The lore of its frontier beginnings and the "rugged individualism" that
this mythology of the Wild West perpetuates has instilled among
Oklahomans the same kind of false consciousness that Thomas Frank
describes in What's The Matter With Kansas? Jonathan Schwartz in today's edition of The New York Times
("Why No Safe Room to Run To? Cost and Culture of the Plains"),
describes the uniform lack of requirements across the state for
below-ground storm shelters in houses, schools and businesses, despite
the increasing prevalence of deadly tornados.
Senators Inhofe and Coburn have successfully built their political careers upon their shameless but uncanny ability to recognize that a majority of Oklahomans are focused only on short-term, immediate needs and will, as a result, regularly ignore their long-term best interests, including the need for sensible public regulation. Their voting records show that, while they have ill-served the real needs of their constituents, neither Inhofe nor Coburn have ever met a special interest that they can't support. At the same time, they have enthusiastically pandered to the anti-government hysteria that now enthralls the GOP.
Petulance and bad bile are never prescriptions for courageous or successful leaders; rather are they are hallmarks of demagogues who threaten the very foundations of democracy. If President Obama were as petty and small-minded as Senators Inhofe and Coburn, he could have chosen to delay the declaration of a disaster that he promptly issued or, in giving the state and its elected leadership a dose their own red state rhetoric, he could have declared that Oklahoma was officially "on its own."

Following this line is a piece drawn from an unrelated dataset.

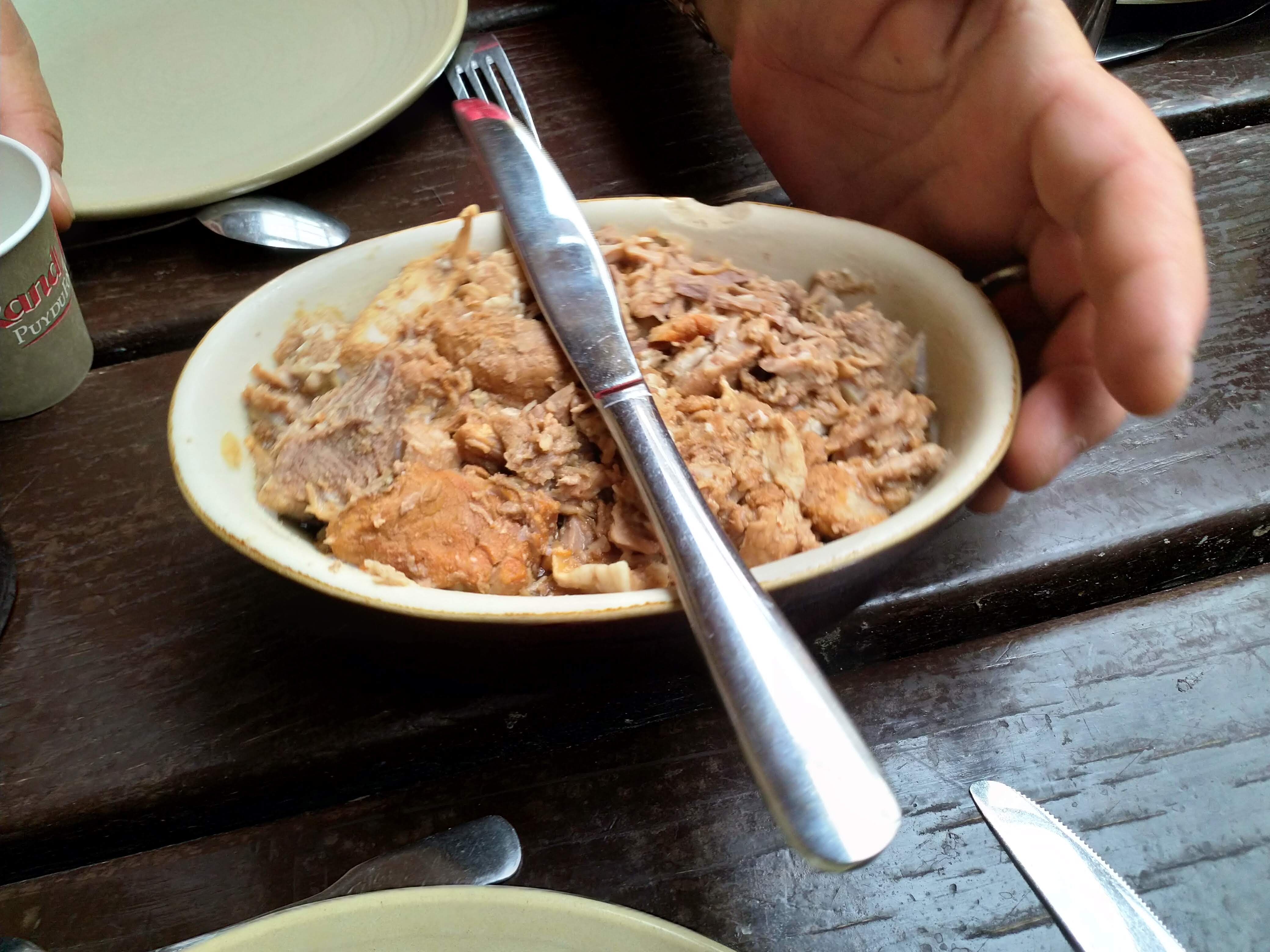 Repas correct mais sans plus, boire dans une timbale en acier pourrait être sympa mais laissé un goût métallique à l'eau. Du coup nous n'y avons mis que du vin ( un 2eme verre ne serait pas du luxe). L'animation est sympa mais un peu légère
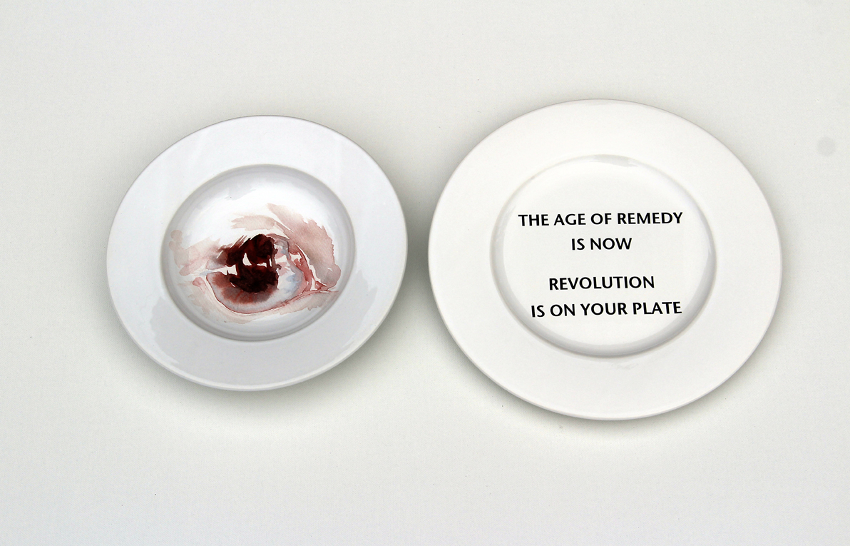 I piatti fondi contengono il dipinto dell’occhio di un coniglio che l'artista aveva salvato dal macello, mentre quelli piani riportano la scritta: THE AGE OF REMEDY IS NOW. REVOLUTION IS ON YOUR PLATE. Il numero vertiginoso scritto su ogni piatto rimanda alla tensione verso un’utopia concreta, mentre sancisce la possibilità del progetto di trascendere la vita stessa dell’artista, nell’autonomia dell’opera.

President Obama, because he owes a responsibility to all Americans, acted with dignity, compassion and empathy. For that action, he will be applauded by everyone who understands that America will never fulfill its promise until every elected official recognizes and acknowledges that government is not the enemy and that, in a vibrant democracy, it must serve as the agent to promote the public interest on behalf of all citizens. This duty is especially imperative because the political voices of so many have been muted as a result of the increasing volume of noise generated by special, monied interests with their armies of well-paid lobbyists and their enormous, tax deductible advertising budgets.